If the shareholder of a limited liability company ("GmbH") is affected by resolutions directly or indirectly, he is subject to a voting ban.

Facts of the case: Resolution on the initiation of a legal dispute

The case decided by the Federal Court of Justice ("BGH") concerned a resolution at the shareholders' meeting of a GmbH.

The GmbH had three shareholders, namely the later plaintiff and two other shareholders. The two co- shareholders of the plaintiff also held shares in a competing company.

In connection with a trademark dispute in 2019, the question arose as to whether the GmbH should assert claims for damages against the plaintiff's co-shareholders personally and the competitor company in which they held a stake. A shareholders' meeting of the GmbH was held for this purpose. The plaintiff voted in favor of asserting the claims for damages, while his co-shareholders voted against and outvoted the plaintiff.

The plaintiff then brought an action against the resolution. After several instances, the BGH ruled in favor of the plaintiff for the most part.

The ruling of the BGH from 08.08.2023 (Ref. II ZR 13/22): Existence of a voting ban

The BGH declared the resolutions effective and justified this by stating that the plaintiff's co-shareholders had been subject to a voting ban. The court made it clear that if a resolution is to be passed on the initiation of a legal dispute against a third-party company, shareholders who hold shares in this third-party company may not vote. Otherwise, there is a risk that the shareholders concerned would not make a decision for the benefit of the GmbH, but rather with a view to their own interests as shareholders of the third-party company.

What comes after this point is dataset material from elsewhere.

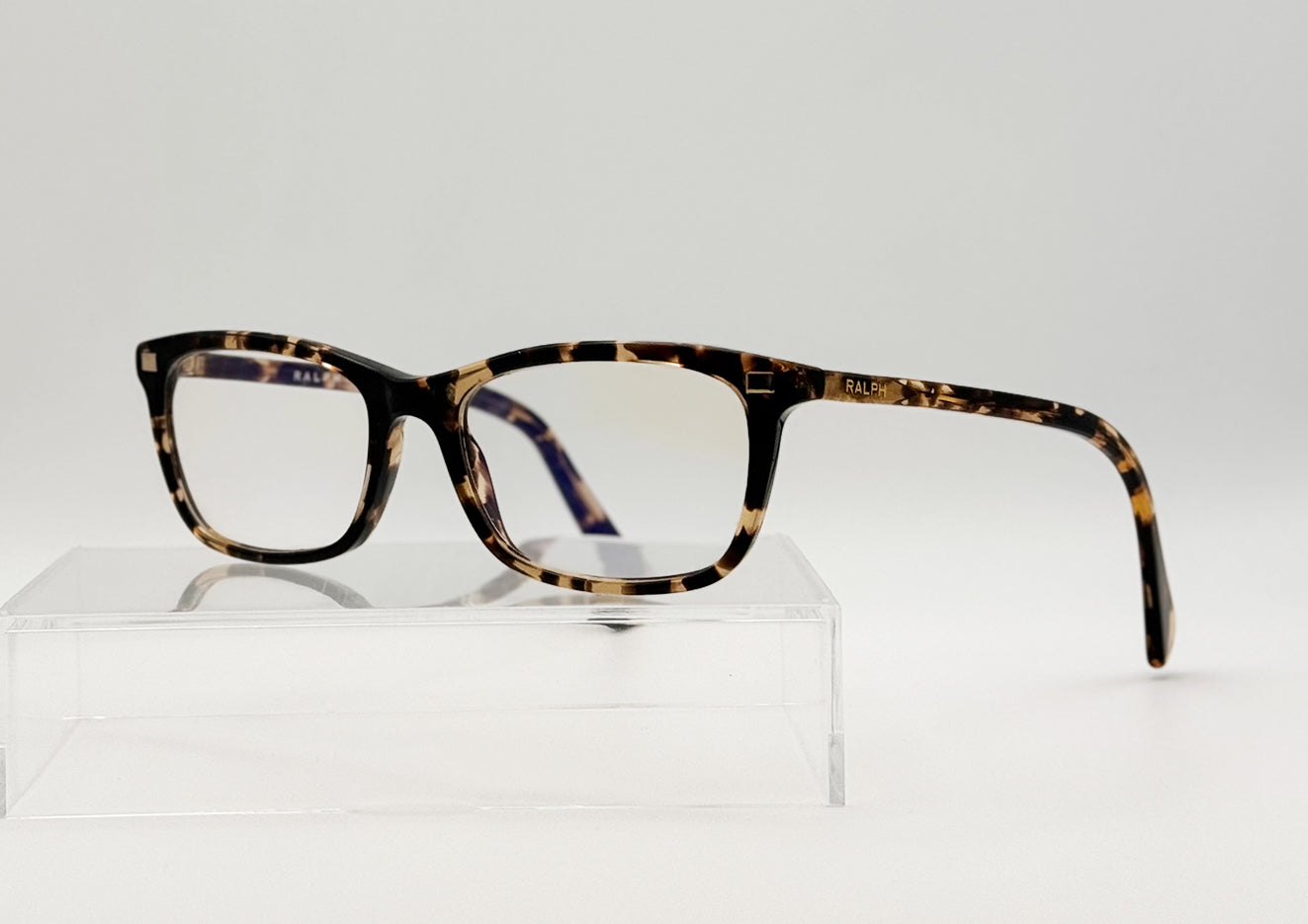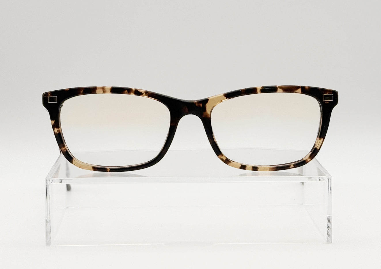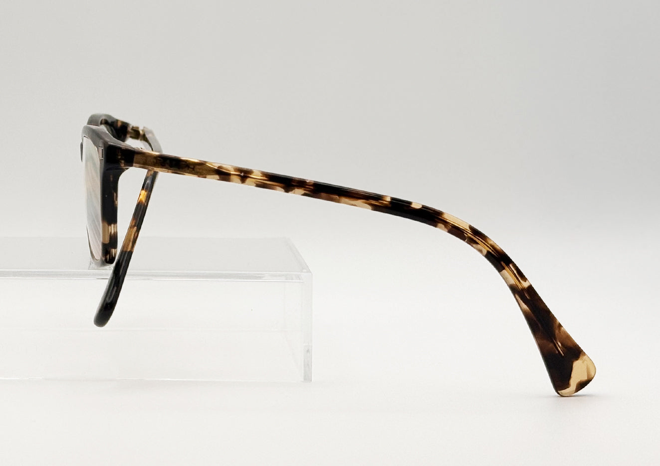 These striking women's glasses are a Gold and Dark Brown tortoiseshell colour, with shining golden accents scattered throughout.

Practical tip: Be careful when "judging on your own behalf" at a shareholders’ meeting

When passing resolutions, no shareholder should become a "judge in their own cause". This is expressly regulated in GmbH law - specifically: in Section 47 (4) of the Limited Liability Companies Act ("GmbHG"). The principle also applies to other types of companies (limited partnerships, general partnerships, civil law partnerships etc.).

According to the statutory regulation, a voting prohibition always applies if a shareholder is to be discharged or released from a liability by the resolution or if the resolution concerns the execution of a legal transaction or the initiation or settlement of a legal dispute towards a shareholder. The unwritten cases go far beyond this; for example, voting bans also exist when it comes to the dismissal of a managing director or the redemption of shares for good cause. The BGH case shows that even indirect involvement can trigger a voting ban.

The articles of association can extend, specify and - at least partially - restrict voting bans. It is important that the provisions fit the specific company and the shareholder relationships. The articles of association should therefore (also) be carefully drafted in this respect.

It should not be forgotten however: Just because a shareholder is subject to a voting ban does not mean that they should be excluded per se from the decision-making process. This even applies if they are "biased" with regard to all items on the agenda and are not allowed to vote. Even in these situations, the shareholder has a right to participate in the shareholders' meeting. Otherwise, the resolution can usually be challenged.